● **Task to complete**
What is needed is a word-for-word copy of the lines below from the one with "Guy Vidal, Pendant" through the one with "distribution of nutrients", both included, with every picture left out.

● **Dataset records**
********************
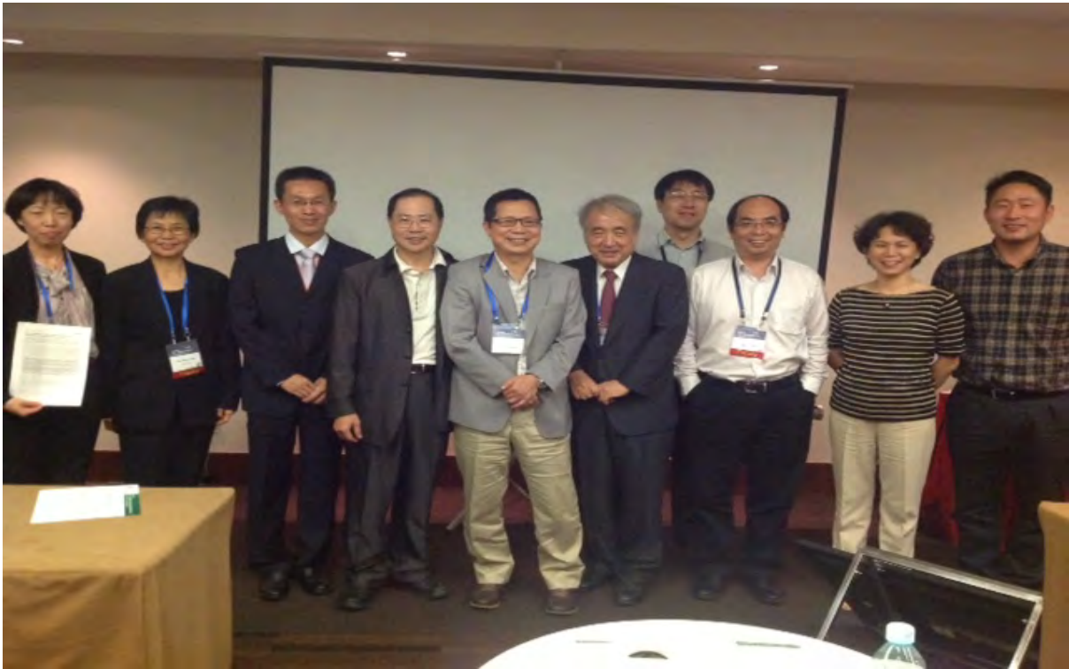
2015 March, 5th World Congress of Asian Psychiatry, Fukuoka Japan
********************
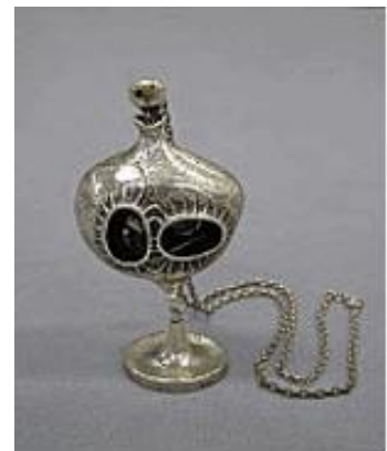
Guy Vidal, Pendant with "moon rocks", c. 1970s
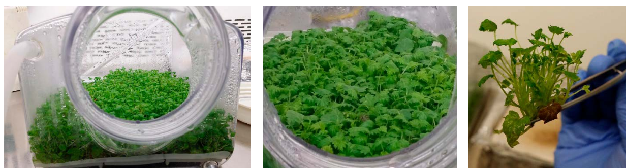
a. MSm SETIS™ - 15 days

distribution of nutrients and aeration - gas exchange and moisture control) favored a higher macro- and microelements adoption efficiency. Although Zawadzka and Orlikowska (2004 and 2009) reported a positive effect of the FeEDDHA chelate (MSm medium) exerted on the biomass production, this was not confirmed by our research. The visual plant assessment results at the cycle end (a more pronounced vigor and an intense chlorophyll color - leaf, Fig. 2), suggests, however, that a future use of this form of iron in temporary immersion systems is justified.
********************
● **Solution below**
Guy Vidal, Pendant with "moon rocks", c. 1970s
a. MSm SETIS™ - 15 days

distribution of nutrients and aeration - gas exchange and moisture control) favored a higher macro- and microelements adoption efficiency. Although Zawadzka and Orlikowska (2004 and 2009) reported a positive effect of the FeEDDHA chelate (MSm medium) exerted on the biomass production, this was not confirmed by our research. The visual plant assessment results at the cycle end (a more pronounced vigor and an intense chlorophyll color - leaf, Fig. 2), suggests, however, that a future use of this form of iron in temporary immersion systems is justified.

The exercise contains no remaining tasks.